У самого Таврического было полное столпотворение: стояли орудия, автомобили, горели костры, играли оркестры, толпились солдаты, произносились речи.
Как не радовала эта чужая радость. Даже как особенно горько умирать при всеобщем ликовании.
В самый дворец долго не могли их ввести: разгружались два грузовика – один с мясными тушами, другой – с несгораемыми кассами, и всё это таскали внутрь дворца штатские и солдаты.
А тут из толпы, видя арестованных офицеров, угрожающе кричали, и легко могли смять неопытный студенческий конвой. Уж хотелось, чтоб ввели скорей внутрь.
Ввели. Пробивались через толпу, мимо наваленных штабелей ящиков, по видимости оружейных, мимо столов, за которыми сидели барышни при брошюрах,
А дальше – под сильной охраной рабочих-красноповязочников стояла группа офицеров-самокатчиков, из Сампсоньевских казарм. Одни были сильно избиты, другие – в солдатских шинелях, видимо переодевались, чтобы скрыться.
Пока толклись, стесняемые людскими течениями, перебросились с ними несколькими фразами. Угнали, что Балкашин убит, и ещё 8 офицеров и много самокатчиков. Те тоже сказали, что есть приказ Родзянки – их расстрелять.
Упали сердца, угроза не пустая. Боже, как тоскливо!
Теснились дальше. Вошли в огромный зал со многими колоннами, студенты растерялись, куда их дальше вести.
И вдруг увидели и узнали сразу – и конвоируемые, и конвоиры – по газетным портретам: Милюков! Шёл, тоже пробивался, мимо.
Его твёрдо-круглому лицу, усам и очкам обрадовались как родному. И в один голос воскликнули два подпоручика:
– Павел Николаич!
Остановился.
– Правда, что нас расстреляют??!
Смотрел умно через очки:
– За что? Кто вы такие?
– Офицеры самокатного батальона…
Покачал, покачал головою с седоватым зачёсом набок:
– Господа, господа! Как же так? Почему же вы так упорно сопротивлялись новой власти? Пролили столько крови! Все части гарнизона сразу признали новую власть, а вы…
– Да Павел Николаевич! – с надеждой и радостью возражали самокатчики, просто уже полюбили его за эту минуту. – Мы же не знали, что тут делается – в центре, в Думе. Откуда мы знали? Сообщение всякое было прервано. А мы – военные люди, мы на службе… Как же мы можем сдаваться неизвестным лицам?
– Так ведь мы же к вам посылали депутатов Думы объяснить обстановку.
– Никаких депутатов мы не видели!
– Не может быть. Я выясню, может не дошли?
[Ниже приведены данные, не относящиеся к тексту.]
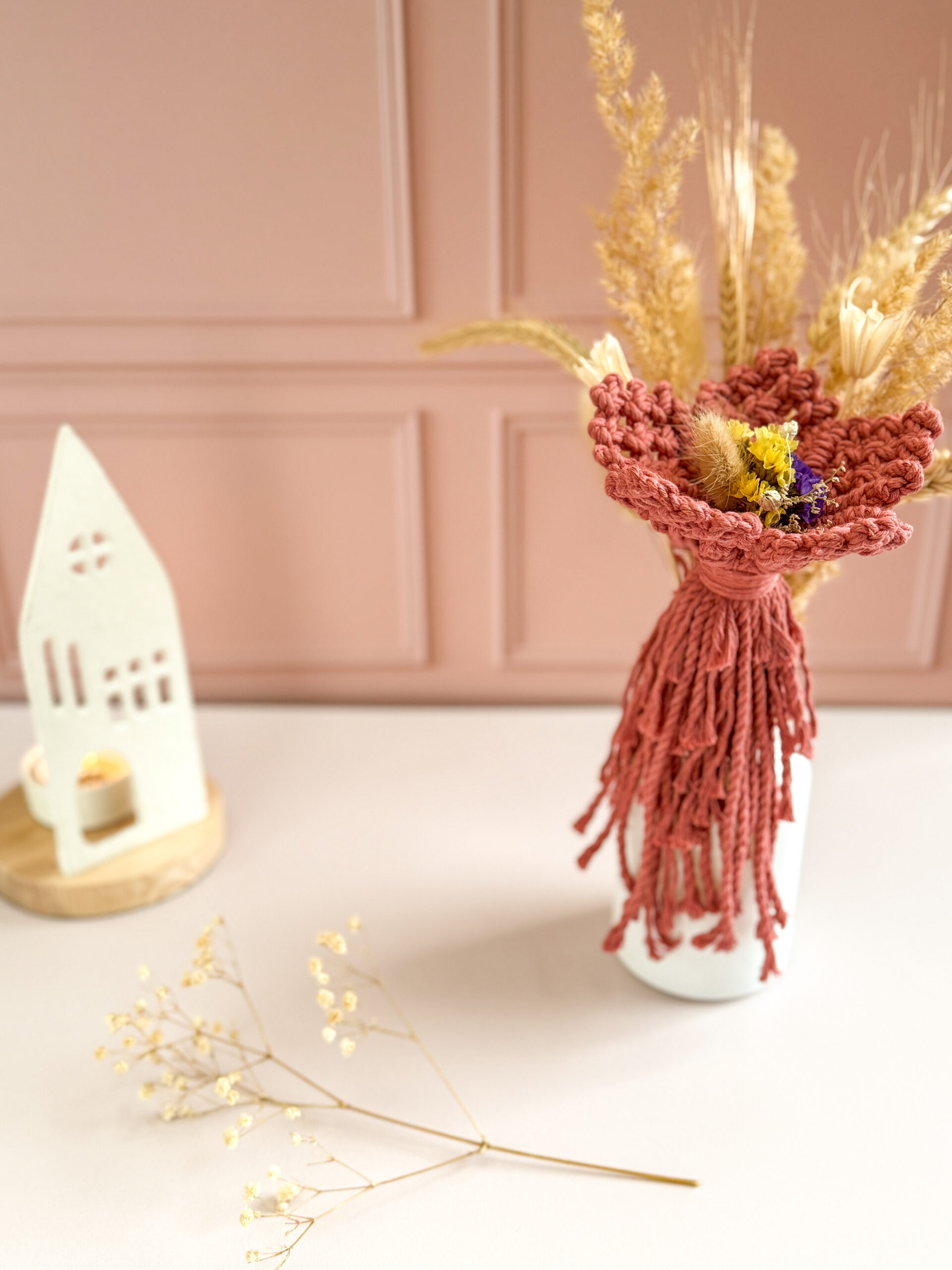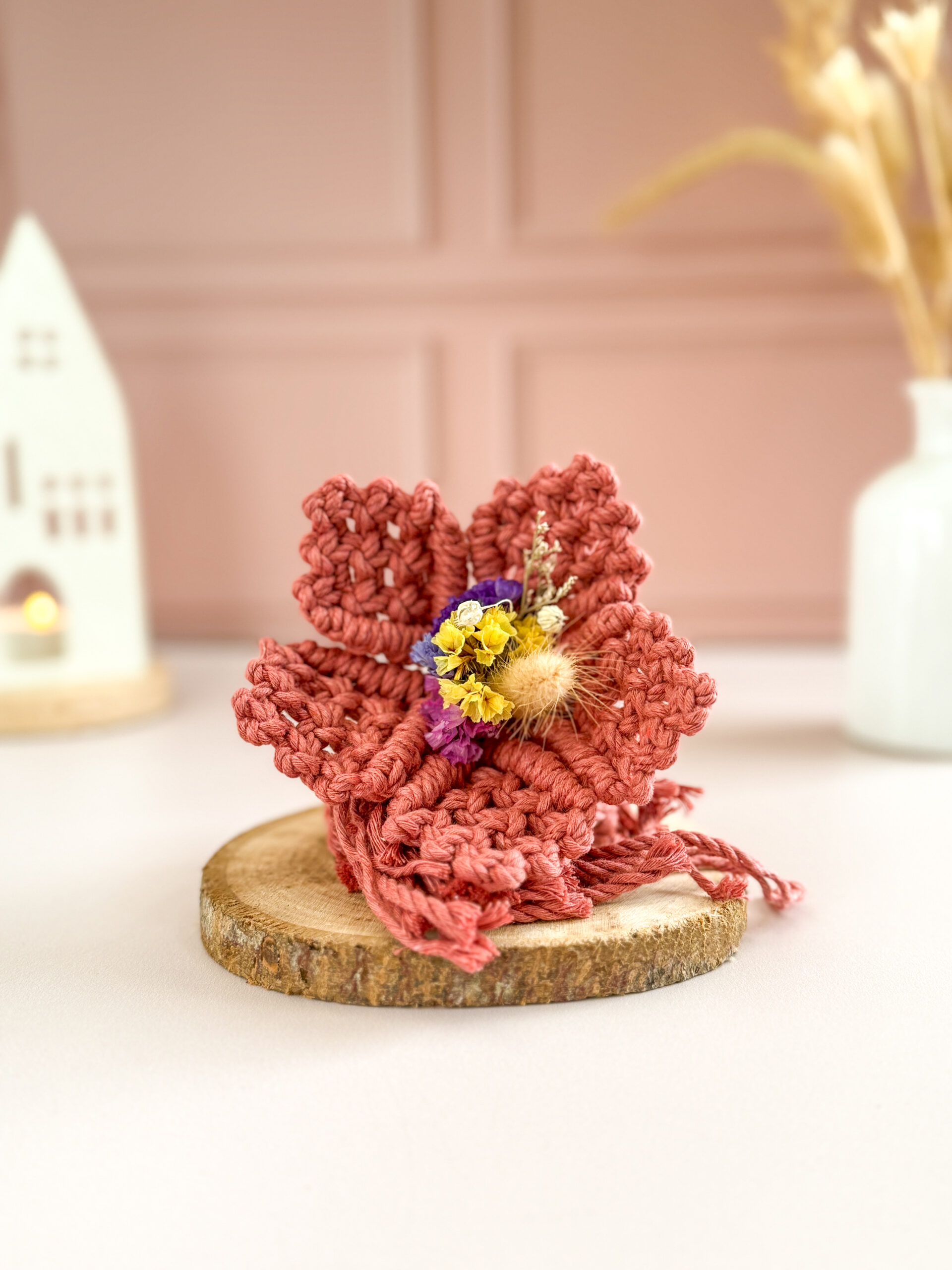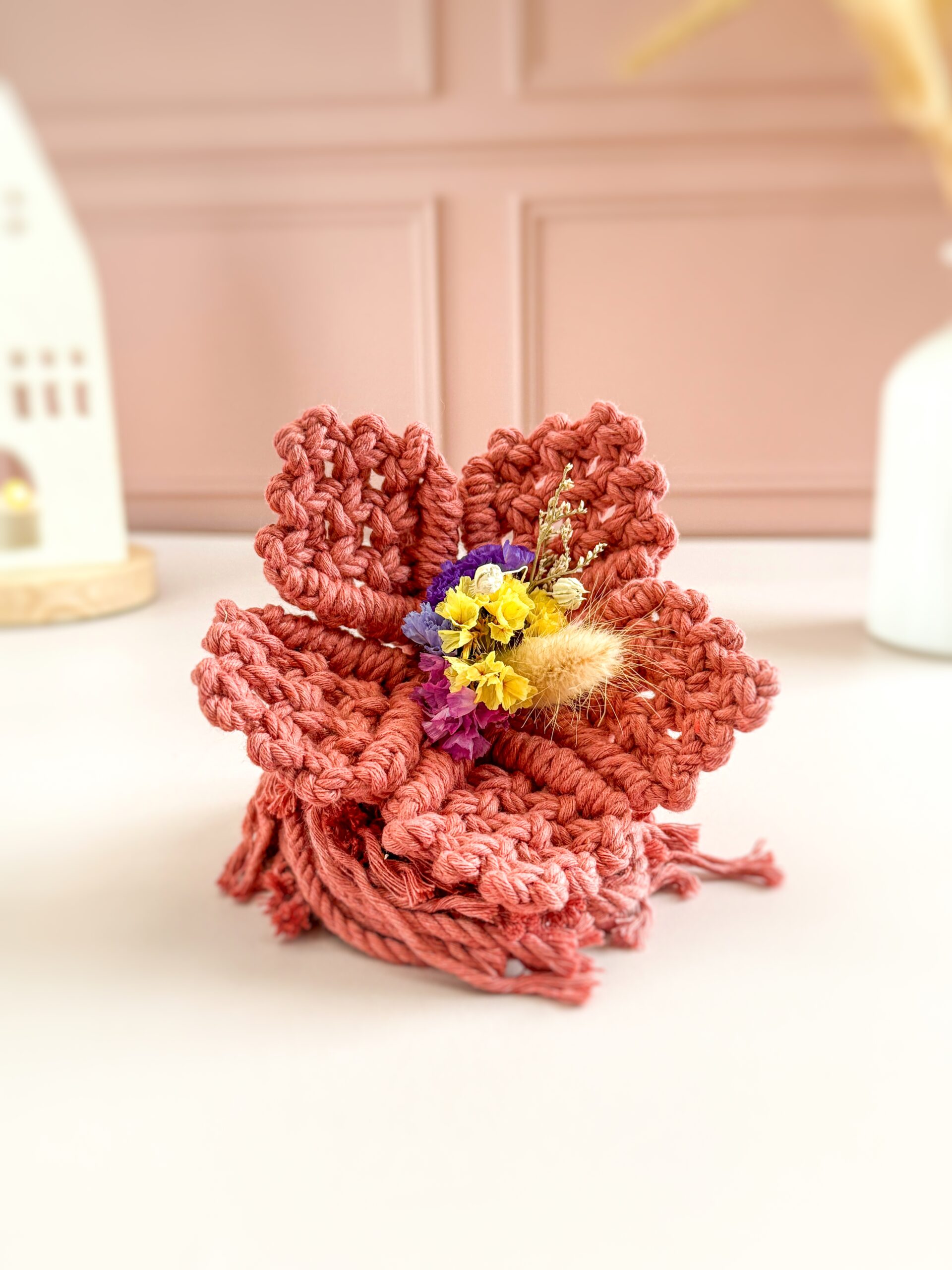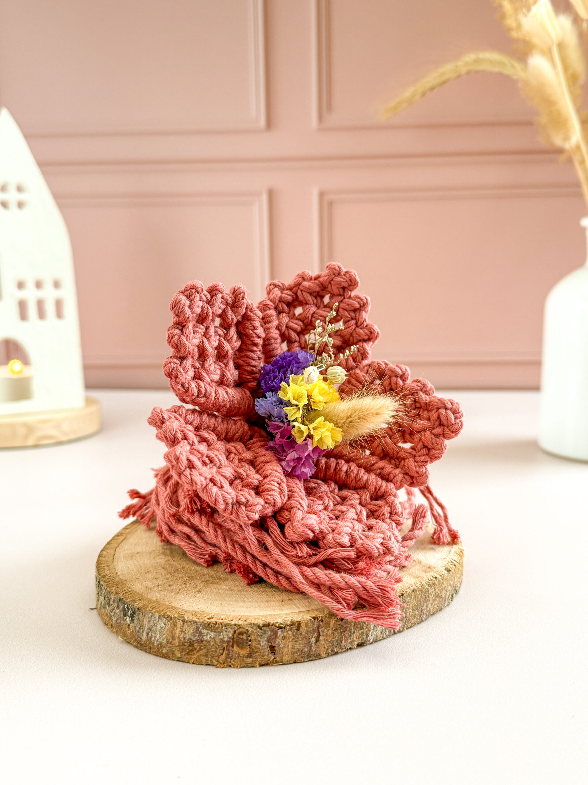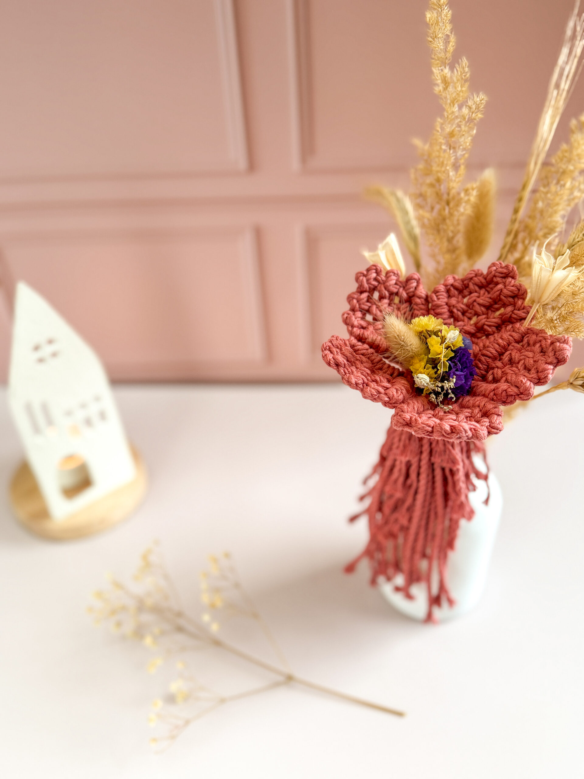 Cette fleur éternelle est une création artisanale tissée entièrement à la main en macramé. Elle mesure environ 20 cm de long pour 12 cm de large, un format idéal pour habiller une étagère ou être glissée dans un vase pour une touche poétique et naturelle.

Во всяком случае, расстреливать вас никто не собирается, кто это вам сказал?
– Тут наши товарищи стоят под конвоем, говорят: приказ Родзянки.
– Да ну, что за чушь. Где стоят?
– Вон! Что ж нам теперь делать, Павел Николаевич?
– Если вы даёте слово, что не выступите с оружием против новой власти, то вы, господа, свободны.
– Ну конечно, не выступим! Ну конечно, даём!… Спасибо, Павел Николаевич!… Так отпустите и наших товарищей.
– Хорошо, сейчас посмотрю. А вы получите охранные пропуска у коменданта дворца.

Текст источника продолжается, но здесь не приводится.